🤖 AI Summary
This work systematically investigates how input conformational quality affects the predictive performance of 3D molecular representation learning models, specifically for modeling DFT-optimized Sterimol parameters. We formulate and empirically address three key questions: (i) whether low-quality conformers can substitute for high-quality ones in predicting target properties; (ii) the role of geometric optimization fidelity in encoding random conformers; and (iii) the detrimental impact of missing bioactive conformers on model accuracy. Leveraging graph neural networks with set encoders, multi-level conformational sampling, DFT-based benchmarking, and ablation studies, we uncover— for the first time—a nontrivial dependency between conformational quality and prediction objectives. Results show that low-quality conformers approximate Sterimol predictions within <0.3 Å error, yet omitting bioactive conformers degrades accuracy by over 40%; in certain cases, inexpensive conformational ensembles yield superior estimates compared to surrogate models. We thus propose a new “co-design principle” integrating conformational sampling and modeling.
📝 Abstract
Training machine learning models to predict properties of molecular conformer ensembles is an increasingly popular strategy to accelerate the conformational analysis of drug-like small molecules, reactive organic substrates, and homogeneous catalysts. For high-throughput analyses especially, trained surrogate models can help circumvent traditional approaches to conformational analysis that rely on expensive conformer searches and geometry optimizations. Here, we question how the performance of surrogate models for predicting 3D conformer-dependent properties (of a single, active conformer) is affected by the quality of the 3D conformers used as their input.

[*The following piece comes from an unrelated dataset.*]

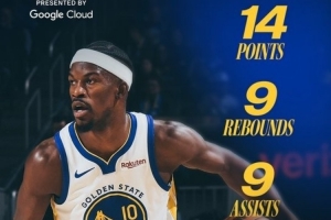 赛后勇士发布最佳球员数据海报,巴特勒当选。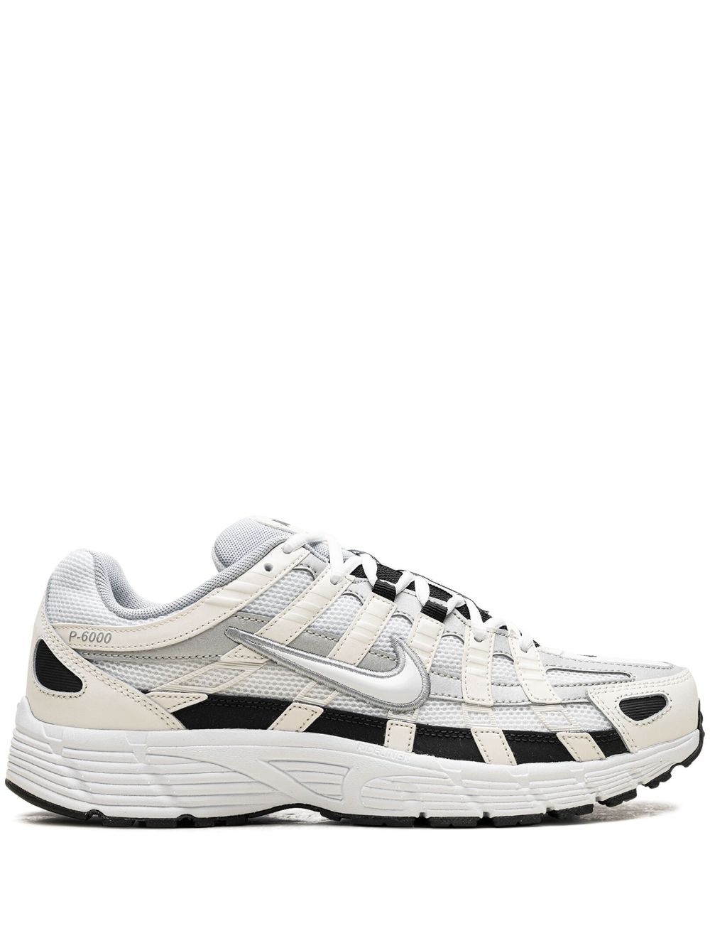 P-6000 "Sail" sneakers The Nike P-6000 'Sail” features a modern design with heavy inspiration from the 2000s era of running shoes. Constructed with a mesh upper with suede and leather overlays for a technical design, this sail, metallic silver and black makeover sits atop a rubber sole for comfort Highlights - Cream white/silver-tone/black - Calf leather - Mesh panelling - Signature swoosh logo detail - Round toe - Front lace-up fastening - Logo patch at the tongue - Branded insole - Rubber sole - These styles are supplied by a premium and authenticated sneaker marketplace. stocking only the most sought-after footwear, they source and curate some of the most hard to find sneakers from around the world. Imported Composition Sole: Rubber 100% Outer: Mesh 100%, Calf Leather 100%, Artificial Leather 100% Lining: Fabric 100% SIZE & FIT Measurement HEEL 1.79 in(4.5 cm) Sole height 0.98 in(2.5 cm) WIDTH 3.93 in(10 cm) HEIGHT 2.75 in(7 cm)

How well do lower-quality conformers inform the prediction of properties of higher-quality conformers? Does the fidelity of geometry optimization matter when encoding random conformers? For models that encode sets of conformers, how does the presence of the active conformer that induces the target property affect model accuracy? How do predictions from a surrogate model compare to estimating the properties from cheap ensembles themselves? We explore these questions in the context of predicting Sterimol parameters of conformer ensembles optimized with density functional theory. Although answers will be case-specific, our analyses provide a valuable perspective on 3D representation learning models and raise practical considerations regarding when conformer quality matters.